Portrait of Faadil Mustun

Faadil Mustun

PhD Candidate · Univ. Paris Cité / ENS Paris

About

I am a PhD candidate at the Institut de Biologie de l’École Normale Supérieure (IBENS) and Université Paris Cité. I hold a Bachelor’s degree in Mathematics from Université Pierre et Marie Curie and a Master’s degree in Applied Mathematics (Statistics) from Sorbonne Université.

My research lies at the intersection of bioacoustics, animal communication, and machine learning. Using large-scale longitudinal acoustic datasets and self-supervised learning approaches, I investigate how dolphin vocalizations encode information about identity, social relationships, and interaction dynamics.

More broadly, I am interested in developing computational tools to uncover the principles underlying animal communication systems and their evolution. More recently, I have been contributing to the development of multimodal datasets combining acoustic recordings with behavioral annotations extracted from video data.

News

24 Mar 2026

Seminar presentation at IBENS

Presented my work at the Neurosection Department Seminar, Institut de Biologie, ENS Paris.

14 Oct 2024

Sharing dolphin communication research with the public

Presented our research on dolphin communication to the general public at the Fête de la Science in Paris.

21 Mar 2023

Guest lecture on dolphin communication

Gave a guest lecture on dolphin acoustic communication at Ben-Gurion University, Eilat Campus.

Publications

Dolph2Vec: Self-Supervised Representations of Dolphin Vocalizations Workshop paper

C. Semenzin, F. Mustun, R. Dessì, A. Emanuelli, P. Orhan, Y. Lakretz, G. de Polavieja, G. Sumbre.

AI for Non-Human Animal Communication Workshop @ NeurIPS 2025.

Dolph2Vec is a self-supervised learning framework trained directly on dolphin vocalizations. The learned representations outperform general-purpose bioacoustic embeddings on dolphin-specific tasks and capture biologically meaningful acoustic structure.

Whistle Variability and Social Acoustic Interactions in Bottlenose Dolphins Under review

F. Mustun, C. Semenzin (equal contribution), D. Rance, E. Marachlian, Z. Guillerm, A. Mancini, I. Bouaziz, E. Fleck, N. Shashar, G. de Polavieja, G. Sumbre.

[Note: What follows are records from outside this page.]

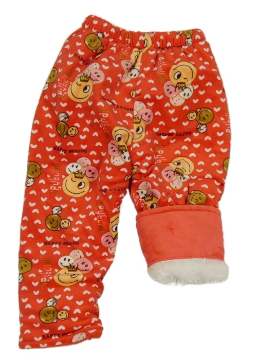ČErvené plyšové zateplené kalhoty se smajlíky
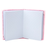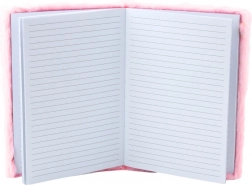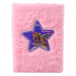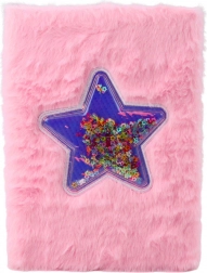 Coperta este realizată dintr-un material moale și plăcut la atingere, de culoare roz intens. În centrul acesteia se află o aplicație transparentă în formă de stea, în interiorul căreia se află confetti colorate care se mișcă liber la fiecare mișcare a caietului. Acest detaliu diferențiază produsul de caietele clasice.
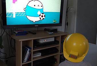 Piwi+ est une chaîne formidable... bébé2 adore. Regarder Mulung avec un casque de chantier jaune
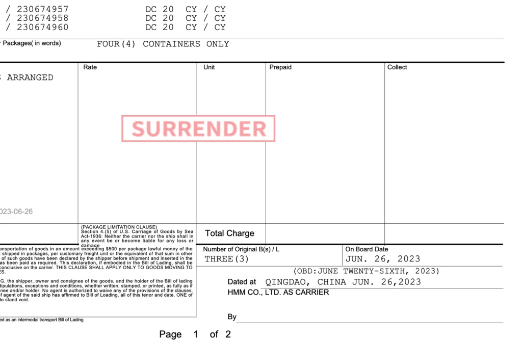 3. Surrendered Bill of Lading (B/L Surrender)
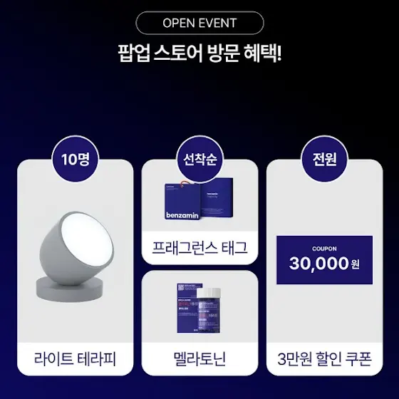 팝업스토어 OPEN!벤자민AI가 현대백화점 목동에 팝업스토어를 오픈합니다!벤자민AI가 궁금하셨던 모든 분들, 팝업스토어에서 편하게 체험하고 다양한 이벤트와 구매 헤택도 놓치지 마세요!01. 방문만 해도! 🏨 5성급 호텔 숙박권 (1명) ☀️ 벤자민AI 라이트테라피 (10명) 😴 벤자민AI 식물성 멜라토닌 (선착순) 🎁 벤자민AI 프래그런스 태그 (선착순) 💶 3만원 할인 쿠폰 (전원)02. 현대백화점 팝업 단독 구매 혜택! ✨ 최대 50% 할인 💝 구매 즉시 현대백화점 상품권 😘 30일 무료 체험 🎁 방수 커버 & 매트리스 패드 증정 🛏️ 벤자민AI X LG 스페셜 패키지 구매 혜택🗓️ 기간: 05월 12일-06월 01일 (3주 간) 📍 장소: 현대백화점 목동 지하1층 *팝업 보도자료: 파이낸셜뉴스 www.fnnews.com/news/202505081146255677
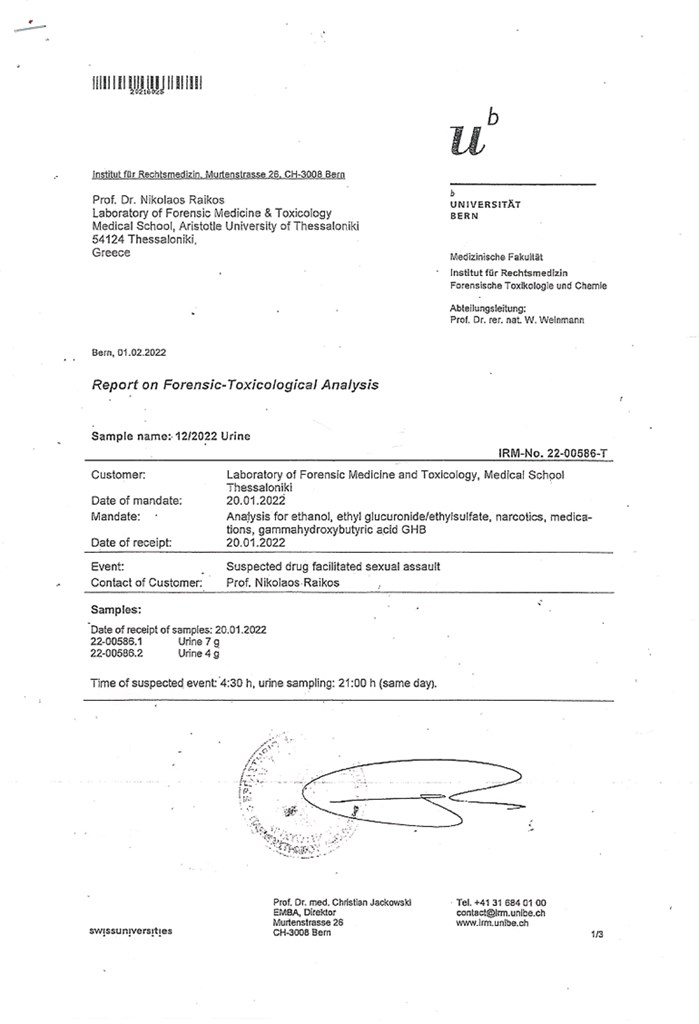 4. Στην κατάσταση που βρίσκονταν τα δύο δείγματα ούρων που εστάλησαν στη Βέρνη της Ελβετίας δεν ήταν δυνατή η ανίχνευση συγκεκριμένων φαρμάκων ή αλλων ουσιών ή ακόμα και της «υγρής extasy».

This work shows that dolphin signature whistles exhibit structured within-individual variability rather than stereotyped production. By modeling transitions between whistle variants, we reveal non-random acoustic interaction patterns that form a modular social communication network.

Selected Talks & Posters

AI for Non-Human Animal Communication workshop

NeurIPS 2025, San Diego.

2025

Neurosection Department Seminar

Institut de Biologie, ENS Paris.

2023–2026

Protolang

Rome.

2023

NeuroFrance

Lyon.

2023–2024

International Congress for Neuroethology

Lisbon.

2022

Education

PhD Student — Université Paris Cité / École Normale Supérieure - Paris, 2022-Present

Master’s Degree in Applied Mathematics (Specialization: Statistics) — Sorbonne Universités - Paris, 2019

Bachelor’s Degree in Mathematics — Université Pierre et Marie Curie - Paris, 2016

Research Experience

PhD Candidate, Institut de Biologie de l’École Normale Supérieure (IBENS), Université Paris Cité, Paris, France (2022–Present)
Research on dolphin communication, bioacoustics, and machine learning.

Statistical Engineer, INSERM / IBENS, Paris, France (2021–2022)
Developed computational methods for dolphin vocalization detection, classification, and sequence analysis.

Data Science Intern, Audentiel Conseil R&D, Boulogne-Billancourt, France (2019)
Worked on hyperparameter optimization and machine learning model selection.